Beethoven: The String Quartets

Beethoven: The String Quartets

David Vernon

433PP ISBN 9781739659929

CANDLE ROW PRESS £13.99

 

This volume’s tripartite structure conveniently follows the traditional separation of Beethoven’s oeuvre into ‘early’, ‘middle’ and ‘late’ periods. After a brief introduction, David Vernon devotes a chapter to each opus, acknowledging Beethoven’s crusading role in the genre and evaluating the ‘late’ quartets as the summit of the composer’s chamber music achievements. Each chapter provides relevant historical and biographical background, embracing Beethoven’s sketches and roughly contemporaneous works as a means of understanding his musico-cultural circumstances at the time, and each offers a lively, movement-by-movement appraisal, rather than a starchy, intellectual analysis, of every quartet.

Two appendices complete the structure. The first is essentially a literature review of selected secondary sources about Beethoven; in Appendix II Vernon reviews a selection of his favourite recordings but adds a seemingly superfluous guide to selected quartet repertoire pre- and post-Beethoven.
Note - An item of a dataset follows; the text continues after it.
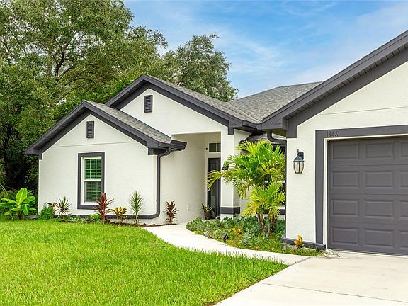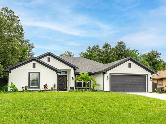 Discover a home that blends comfort, style, and the beauty of nature. With four bedrooms, three bathrooms, and over 2,100 square feet of living space, this residence is designed for both relaxation and entertaining. The open floor plan and vaulted ceilings create a bright, airy atmosphere, while the chef’s kitchen steals the show with blue cabinetry, granite countertops, and stainless steel appliances. Whether you’re hosting friends or enjoying a quiet evening in, this space makes every moment feel special. The spacious primary suite is a true retreat, featuring an en suite bath with a double vanity, large walk-in shower, and walk-in closet—perfect for comfort and convenience. A split-bedroom layout further enhances privacy, complemented by a Jack-and-Jill bathroom, interior laundry room, and ample closet space throughout. Elegant wood-look tile floors bring sophistication to the main living areas, while plush carpet in the bedrooms adds warmth. Step outside through French doors to your own slice of paradise. The 21' x 10' covered lanai overlooks a peaceful backyard framed by Florida’s natural beauty—a perfect setting for morning coffee, evening sunsets, or year-round outdoor living. Here, every day feels like a getaway. Experience the best of Port Charlotte living and schedule your private tour today.

Vernon is musically widely read and demonstrates a thorough knowledge of these quartets. His chapter on op.130 discusses the benefits, or otherwise, of performing both finales in a seven-movement sequence, as advocated by the musicologist Robert Simpson, and that on op.131 ponders whether the quartet should be considered as a one-movement or seven-movement work or as one ‘divided into four “units”, with some movements paired up’. His writing style is expansive and he tends to interpret historical sources (including some of varying reliability) with some poetic licence. He takes several contextual detours to discuss contemporaneous repertoire and draw illuminating parallels with the outputs of artists, authors, film directors and other composers. Vernon expresses his opinions clearly and enthusiastically, bringing the music vividly to life with colourful scenarios and often amusing turns of phrase. Beethoven composing his op.18 quartets is likened to an ‘engineer battling the elements to construct his bridges to Romanticism’; development sections from op.59 onwards become ‘blood-soaked combat zone(s)’ and op.132’s Heiliger Dankgesang is viewed as a ‘stable centre around which the volatile, irregular outer movements can orbit, the adagio’s blend of polyphony and harmony a steady rotating sun for its four circling planets’.

The lack of an index is regrettable, given the text’s diverse content and the myriad issues and personalities discussed. Cavils are otherwise minimal – only a few minor grammatical issues and convenient statements for which there may not be firm evidence. Although clearly focused, the book’s various contextual asides almost transform it into a life-and-works study of Beethoven rather than simply one of his quartets. It may not offer fastidious scholarly solutions to the countless structural and harmonic puzzles that Beethoven created, but it certainly provides a thoroughly accessible, enlightening and entertaining guide to these pinnacles of the repertoire, containing substantially accurate insights that will enhance readers’ understanding and enjoyment when listening to, or participating in their performance.